DATA SUPPLIED:
▶
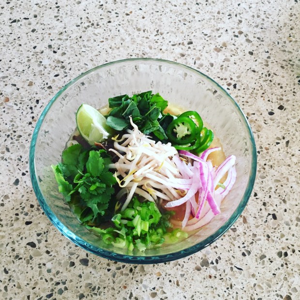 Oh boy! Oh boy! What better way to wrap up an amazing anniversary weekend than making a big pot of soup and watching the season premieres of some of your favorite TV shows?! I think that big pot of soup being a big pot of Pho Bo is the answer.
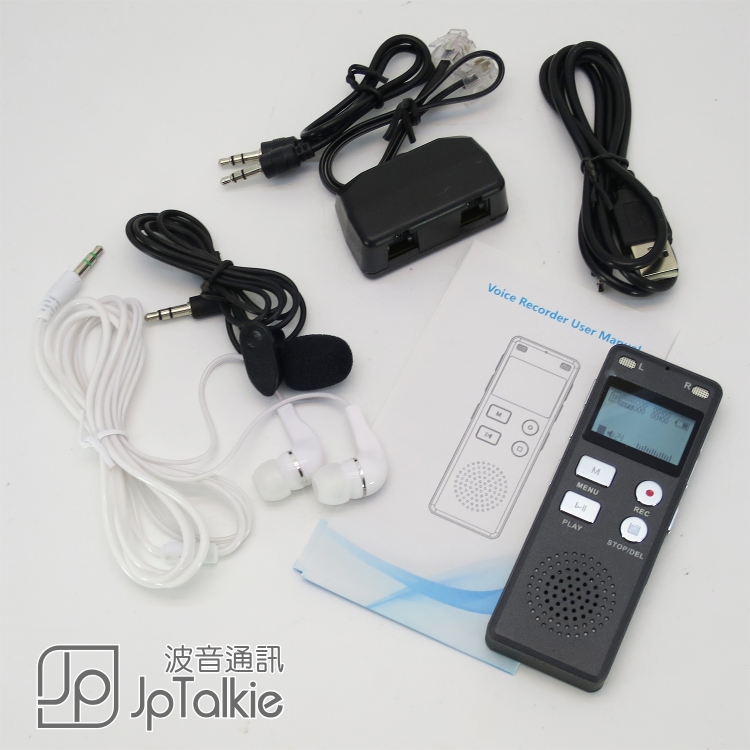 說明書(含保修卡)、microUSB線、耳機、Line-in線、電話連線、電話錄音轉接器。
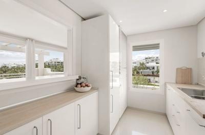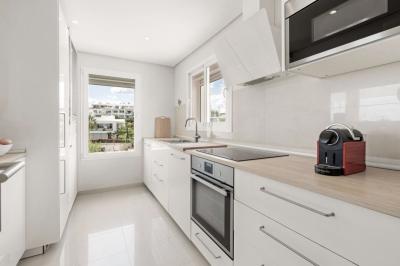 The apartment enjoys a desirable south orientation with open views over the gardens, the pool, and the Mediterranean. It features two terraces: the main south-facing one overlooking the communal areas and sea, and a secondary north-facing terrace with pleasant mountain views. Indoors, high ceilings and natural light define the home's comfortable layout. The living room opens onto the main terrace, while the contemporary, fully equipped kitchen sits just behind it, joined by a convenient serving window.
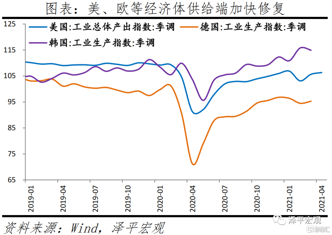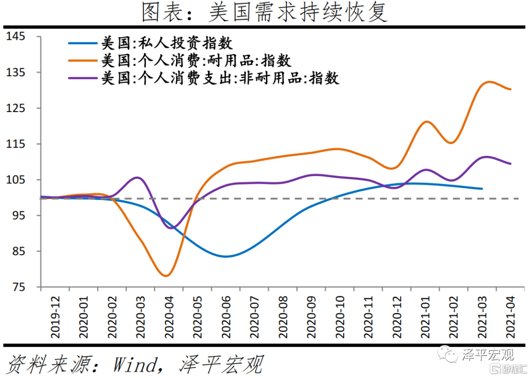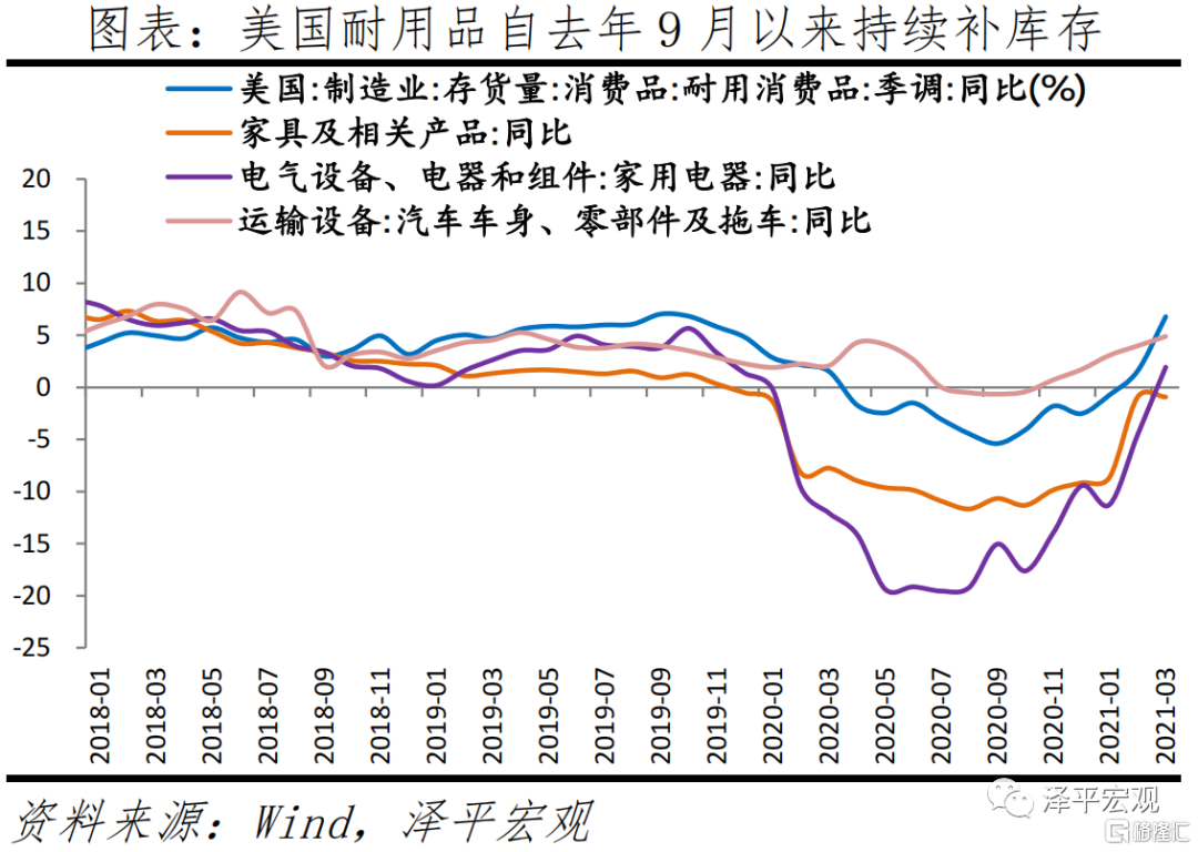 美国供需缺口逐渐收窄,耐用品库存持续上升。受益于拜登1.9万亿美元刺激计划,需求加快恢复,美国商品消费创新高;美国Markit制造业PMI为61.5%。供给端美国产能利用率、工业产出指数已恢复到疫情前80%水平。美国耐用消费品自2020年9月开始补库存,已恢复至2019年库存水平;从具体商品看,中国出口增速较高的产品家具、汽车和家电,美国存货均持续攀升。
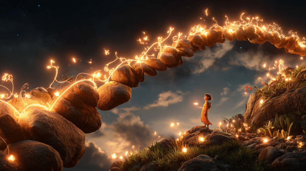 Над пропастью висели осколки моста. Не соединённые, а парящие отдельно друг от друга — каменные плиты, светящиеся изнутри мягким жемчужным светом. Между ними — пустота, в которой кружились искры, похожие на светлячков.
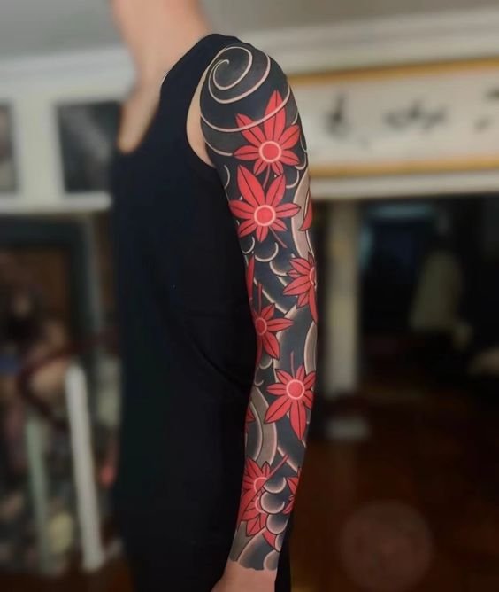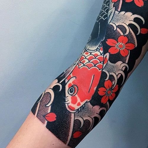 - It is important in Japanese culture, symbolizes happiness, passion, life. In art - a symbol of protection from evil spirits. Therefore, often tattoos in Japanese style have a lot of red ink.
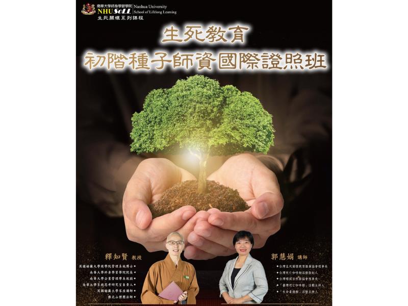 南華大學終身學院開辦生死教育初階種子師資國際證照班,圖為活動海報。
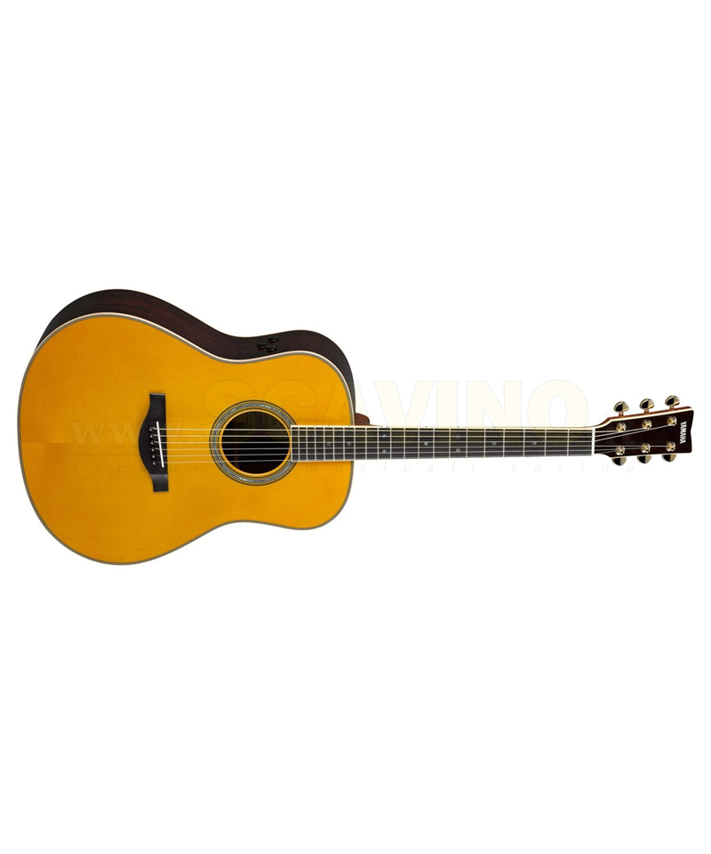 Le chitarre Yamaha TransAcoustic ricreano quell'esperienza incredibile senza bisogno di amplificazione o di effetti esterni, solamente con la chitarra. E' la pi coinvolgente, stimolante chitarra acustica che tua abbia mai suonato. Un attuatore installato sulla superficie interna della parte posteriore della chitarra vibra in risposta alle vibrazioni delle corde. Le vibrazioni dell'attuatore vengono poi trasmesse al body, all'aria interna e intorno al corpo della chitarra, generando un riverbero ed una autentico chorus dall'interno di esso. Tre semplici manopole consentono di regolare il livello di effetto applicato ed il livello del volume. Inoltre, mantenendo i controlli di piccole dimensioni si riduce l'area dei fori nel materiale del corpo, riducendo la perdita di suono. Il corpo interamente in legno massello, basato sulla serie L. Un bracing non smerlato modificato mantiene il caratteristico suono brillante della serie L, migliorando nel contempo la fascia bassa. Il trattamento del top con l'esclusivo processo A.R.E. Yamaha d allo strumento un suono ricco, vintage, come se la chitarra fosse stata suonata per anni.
◀
▶
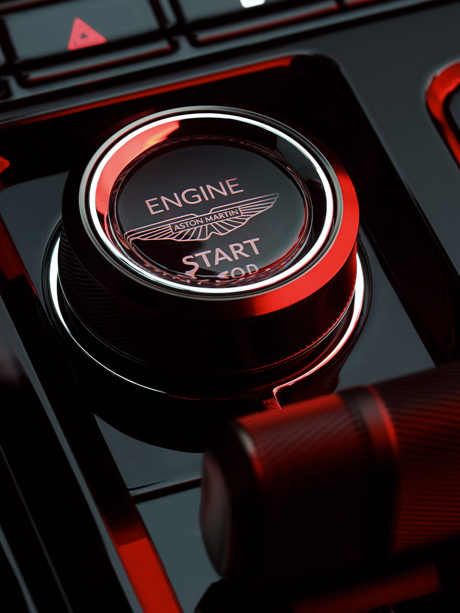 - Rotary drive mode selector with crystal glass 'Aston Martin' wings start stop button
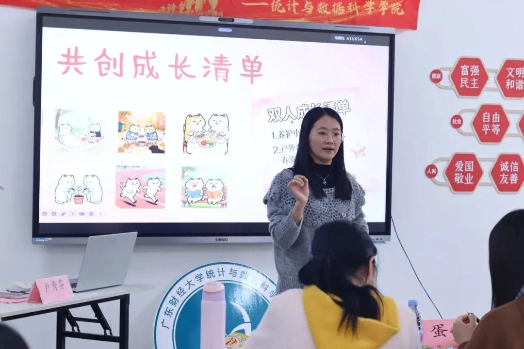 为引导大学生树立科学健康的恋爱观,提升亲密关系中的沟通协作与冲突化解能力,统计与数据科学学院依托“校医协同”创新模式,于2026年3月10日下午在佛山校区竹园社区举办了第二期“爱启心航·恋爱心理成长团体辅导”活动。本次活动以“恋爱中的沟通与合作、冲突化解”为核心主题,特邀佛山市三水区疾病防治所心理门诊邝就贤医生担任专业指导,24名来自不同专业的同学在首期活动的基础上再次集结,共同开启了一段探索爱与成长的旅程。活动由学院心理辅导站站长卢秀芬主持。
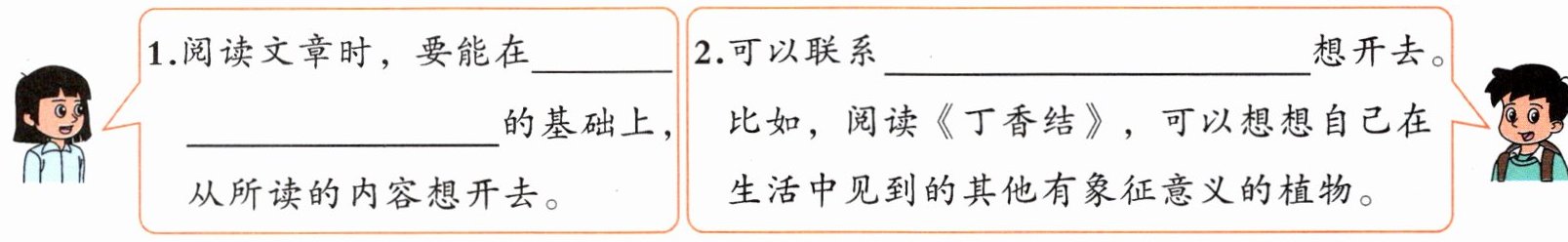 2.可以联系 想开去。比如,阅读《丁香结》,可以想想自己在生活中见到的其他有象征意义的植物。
◀
WORK TASK: Look above for the line with "The apartment enjoys" and the line with "Над пропастью висели", then restate exactly those two lines and all lines between them, with no pictures.

SOLUTION BELOW:
 The apartment enjoys a desirable south orientation with open views over the gardens, the pool, and the Mediterranean. It features two terraces: the main south-facing one overlooking the communal areas and sea, and a secondary north-facing terrace with pleasant mountain views. Indoors, high ceilings and natural light define the home's comfortable layout. The living room opens onto the main terrace, while the contemporary, fully equipped kitchen sits just behind it, joined by a convenient serving window.
 美国供需缺口逐渐收窄,耐用品库存持续上升。受益于拜登1.9万亿美元刺激计划,需求加快恢复,美国商品消费创新高;美国Markit制造业PMI为61.5%。供给端美国产能利用率、工业产出指数已恢复到疫情前80%水平。美国耐用消费品自2020年9月开始补库存,已恢复至2019年库存水平;从具体商品看,中国出口增速较高的产品家具、汽车和家电,美国存货均持续攀升。
 Над пропастью висели осколки моста. Не соединённые, а парящие отдельно друг от друга — каменные плиты, светящиеся изнутри мягким жемчужным светом. Между ними — пустота, в которой кружились искры, похожие на светлячков.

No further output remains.